**WORK TO BE COMPLETED**
I'd like every entry returned exactly as it is, with the images left out.

Dataset excerpts
◇ ◇ ◇ ◇

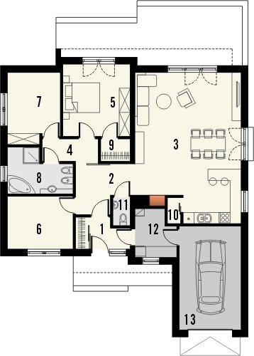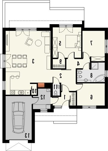 Dimaro 2 to parterowy dom jednorodzinny z garażem jednostanowiskowym, kryty dachem dwuspadowym. W projekcie przewidziano przestronny salon z jadalnią oraz otwartą kuchnię ze spiżarką. Zaprojektowano także dodatkowy pokój oraz wc. Z wiatrołapu dostępne jest pomieszczenie gospodarcze, z którego można się dostać do garażu. Z holu przejść można do strefy nocnej domu, gdzie znajdują się dwa pokoje, w tym jeden z garderobą oraz łazienka. Projekt dostępny jest w wersji standard i lustro.
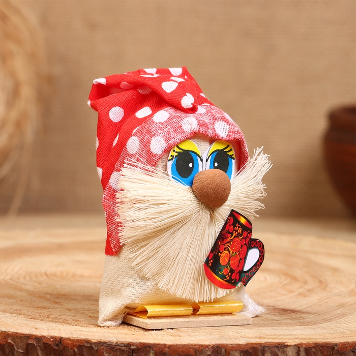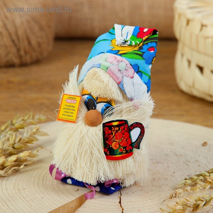 Оберег-домовой "Василек в льняном колпаке, с топором", 23х15х8 см, микс
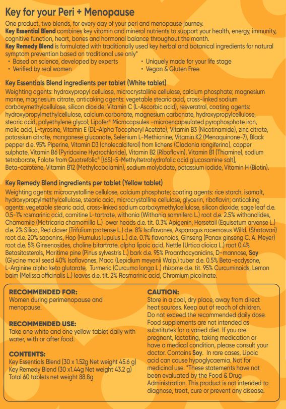 Key Peri + Menopause Essential blend ingredients per tablet (White tablet)
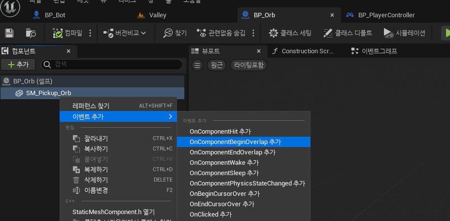 이렇게 하면 AI가 스폰된 Orb 쪽으로 뛰어가는데, 겹친 Orb 는 제거하도록 해본다. Orb 의 블루프린트에서 이벤트를 추가하고, OnComponentBeginOverlap 이벤트를 구현해보는 것으로.
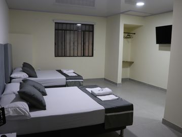 Habitación (primer piso) con acomodación múltiple. Cuenta con tres camas doble (1,90m*1,40m), baño privado, televisor, aire acondicionado, servicio de parqueadero.
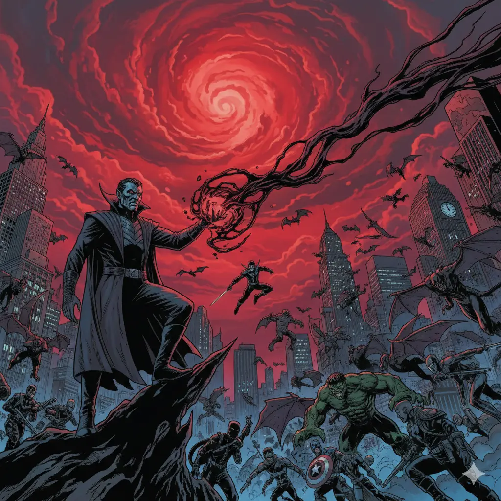 The direct catalyst was the creation of a Blood Trap, a powerful mystical ritual that allowed the vampires to block the sun across the entire globe, plunging the world into perpetual darkness. This eliminated their greatest weakness instantly. The primary offensive began with simultaneous attacks on key global locations, including major hero headquarters and the UN. Key vampire forces, including the Jubilee-led Nightguard (loyal to the Vampire Nation) and the ancient Damascene, were shown to have been activated.

◇ ◇ ◇ ◇

**THE COMPLETED TASK**
 Dimaro 2 to parterowy dom jednorodzinny z garażem jednostanowiskowym, kryty dachem dwuspadowym. W projekcie przewidziano przestronny salon z jadalnią oraz otwartą kuchnię ze spiżarką. Zaprojektowano także dodatkowy pokój oraz wc. Z wiatrołapu dostępne jest pomieszczenie gospodarcze, z którego można się dostać do garażu. Z holu przejść można do strefy nocnej domu, gdzie znajdują się dwa pokoje, w tym jeden z garderobą oraz łazienka. Projekt dostępny jest w wersji standard i lustro.
 Оберег-домовой "Василек в льняном колпаке, с топором", 23х15х8 см, микс
 Key Peri + Menopause Essential blend ingredients per tablet (White tablet)
 이렇게 하면 AI가 스폰된 Orb 쪽으로 뛰어가는데, 겹친 Orb 는 제거하도록 해본다. Orb 의 블루프린트에서 이벤트를 추가하고, OnComponentBeginOverlap 이벤트를 구현해보는 것으로.
 Habitación (primer piso) con acomodación múltiple. Cuenta con tres camas doble (1,90m*1,40m), baño privado, televisor, aire acondicionado, servicio de parqueadero.
 The direct catalyst was the creation of a Blood Trap, a powerful mystical ritual that allowed the vampires to block the sun across the entire globe, plunging the world into perpetual darkness. This eliminated their greatest weakness instantly. The primary offensive began with simultaneous attacks on key global locations, including major hero headquarters and the UN. Key vampire forces, including the Jubilee-led Nightguard (loyal to the Vampire Nation) and the ancient Damascene, were shown to have been activated.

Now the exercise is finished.